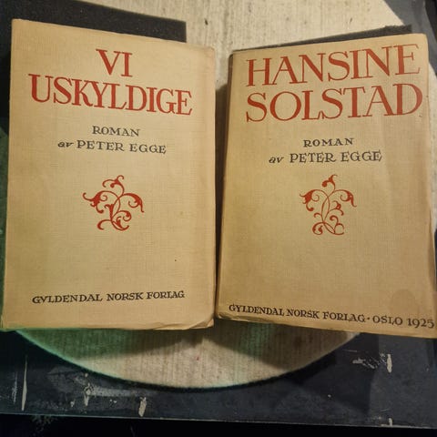 Meget pent eksemplar av Peter Egges roman Narren fra 1917. Originalbundet i rød helsjirting, med skarpe kanter, rene sider og minimal alderstegning. Papirkvaliteten er frisk til å være over hundre år gammel. Ingen løse sider, ingen skrift eller foksing. Et usedvanlig velholdt eksemplar av en tidlig Egge-utgivelse, som sjelden dukker opp i denne tilstanden.
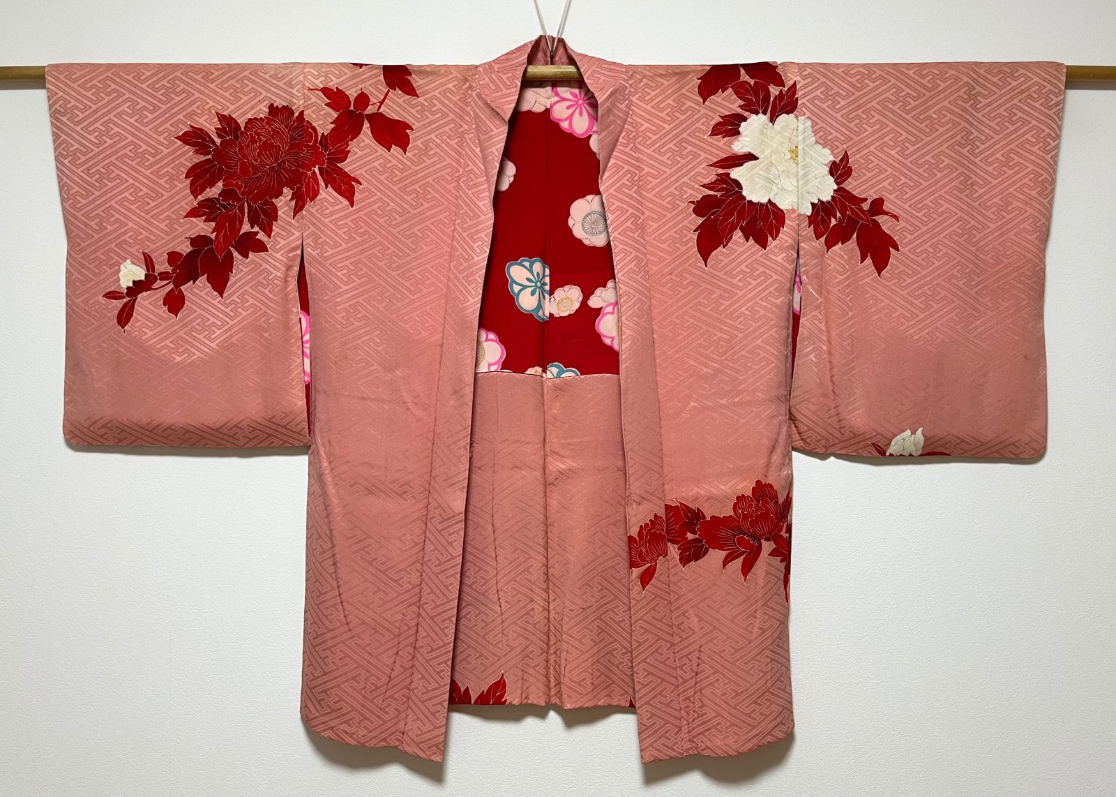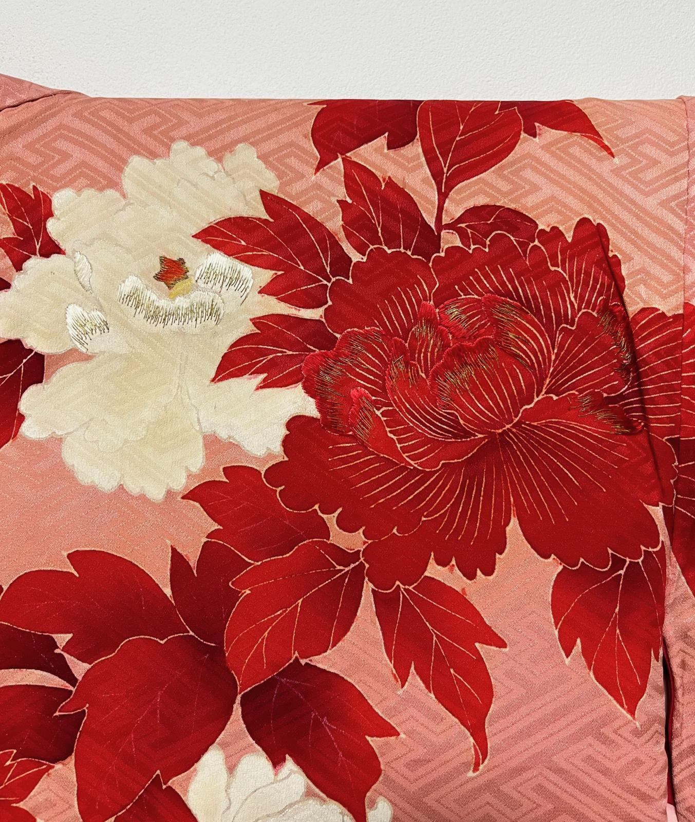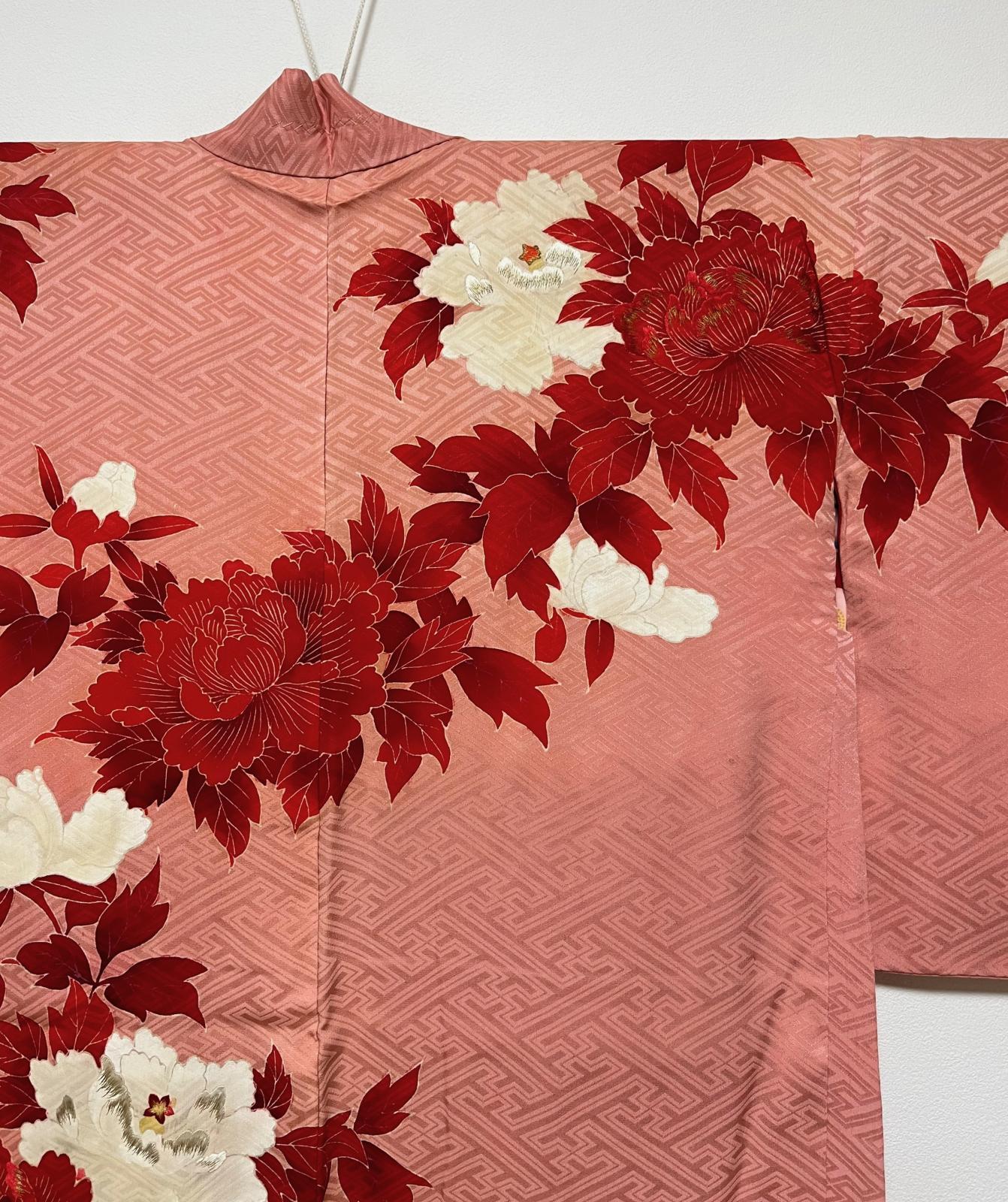 正絹 / アンティーク 羽織 / 牡丹 / 紗綾形 / 手刺繍 / コーラル [0027]
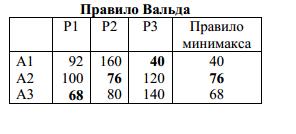 5.1.1. Правило Вальда ориентируется на ЛПР, настроенное пессимистично и стремящееся минимизировать потери. Оно признает только минимальную прибыль, но не убытки и выбирает опцию, которая максимизирует минимальную прибыль. Для каждой внешней ситуации фиксируется минимальное значение, а потом из этих худших значений выбирается максимальное (таблица 28). Таблица 28

____

All lines from the line with "正絹 / アンティーク" through the final line of the data, both included, are to be repeated exactly; no other lines and no pictures.

 正絹 / アンティーク 羽織 / 牡丹 / 紗綾形 / 手刺繍 / コーラル [0027]
 5.1.1. Правило Вальда ориентируется на ЛПР, настроенное пессимистично и стремящееся минимизировать потери. Оно признает только минимальную прибыль, но не убытки и выбирает опцию, которая максимизирует минимальную прибыль. Для каждой внешней ситуации фиксируется минимальное значение, а потом из этих худших значений выбирается максимальное (таблица 28). Таблица 28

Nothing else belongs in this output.